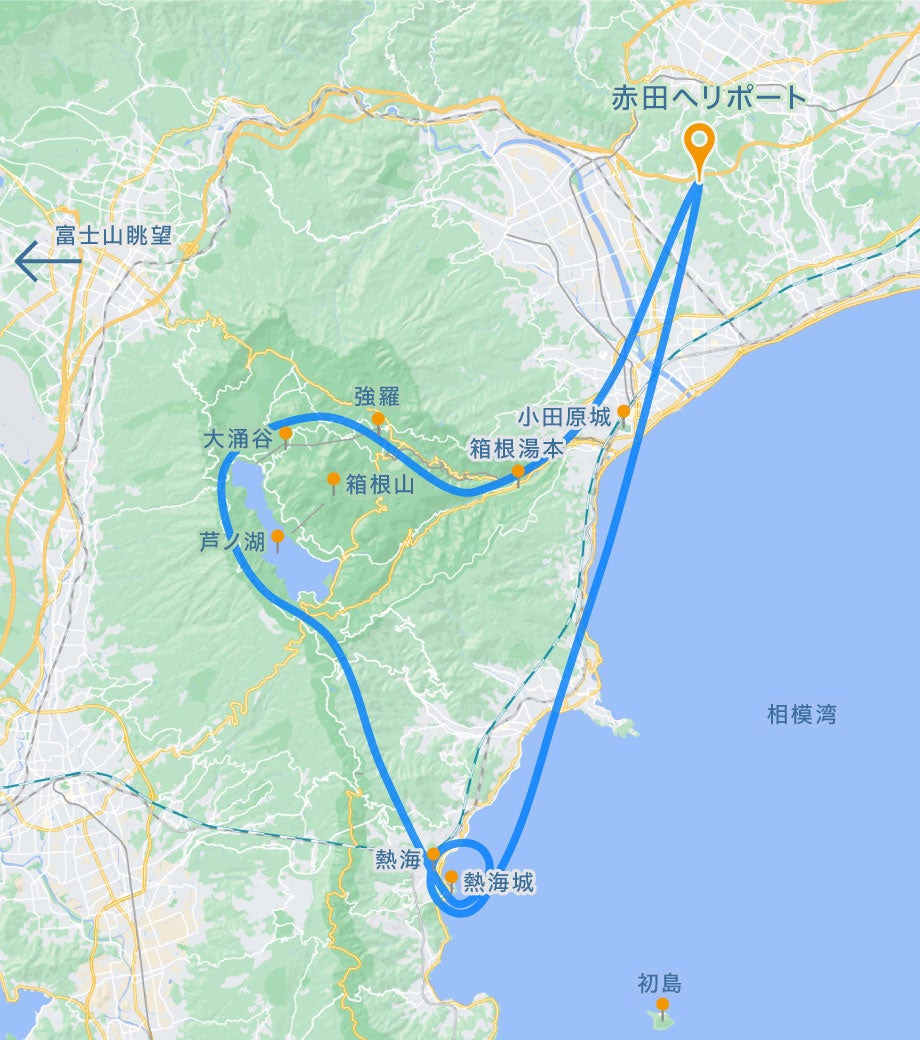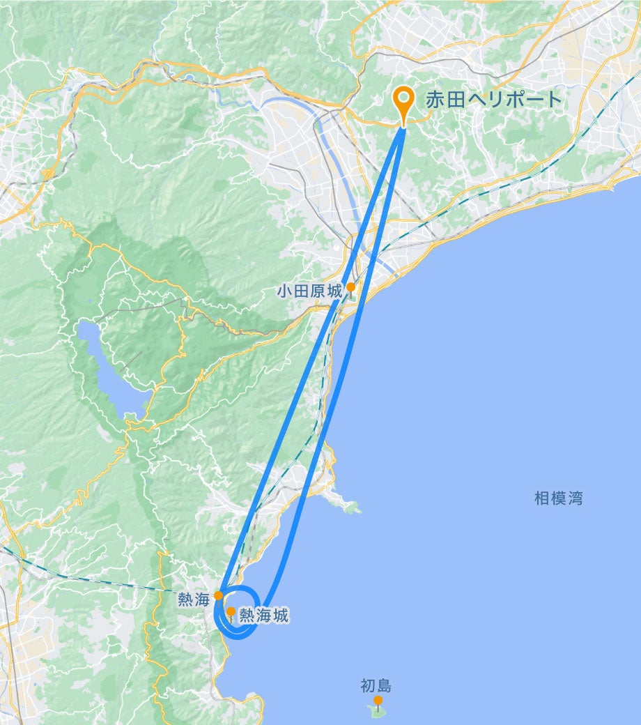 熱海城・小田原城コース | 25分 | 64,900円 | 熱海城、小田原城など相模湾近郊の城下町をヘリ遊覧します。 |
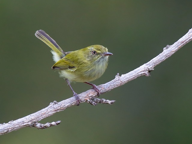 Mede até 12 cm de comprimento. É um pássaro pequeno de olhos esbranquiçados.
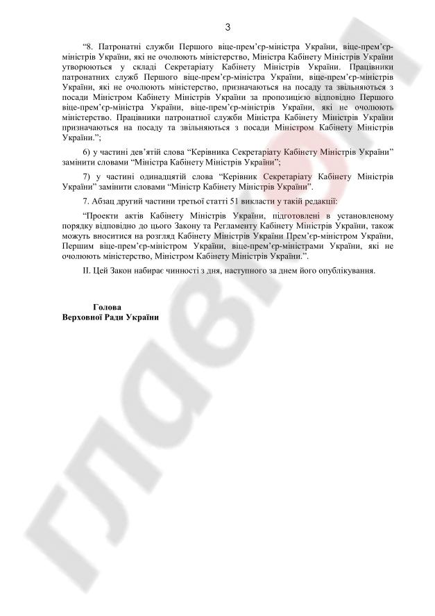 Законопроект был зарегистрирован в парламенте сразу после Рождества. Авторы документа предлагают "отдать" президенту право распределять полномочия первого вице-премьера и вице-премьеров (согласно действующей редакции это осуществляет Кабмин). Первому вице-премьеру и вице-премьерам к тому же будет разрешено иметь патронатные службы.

**WORK ORDER:** The line with "Mede até 12" marks the end: restate word for word every line from the top of the data through that one, omitting pictures.

**EXERCISE SOLUTION:**
 熱海城・小田原城コース | 25分 | 64,900円 | 熱海城、小田原城など相模湾近郊の城下町をヘリ遊覧します。 |
 Mede até 12 cm de comprimento. É um pássaro pequeno de olhos esbranquiçados.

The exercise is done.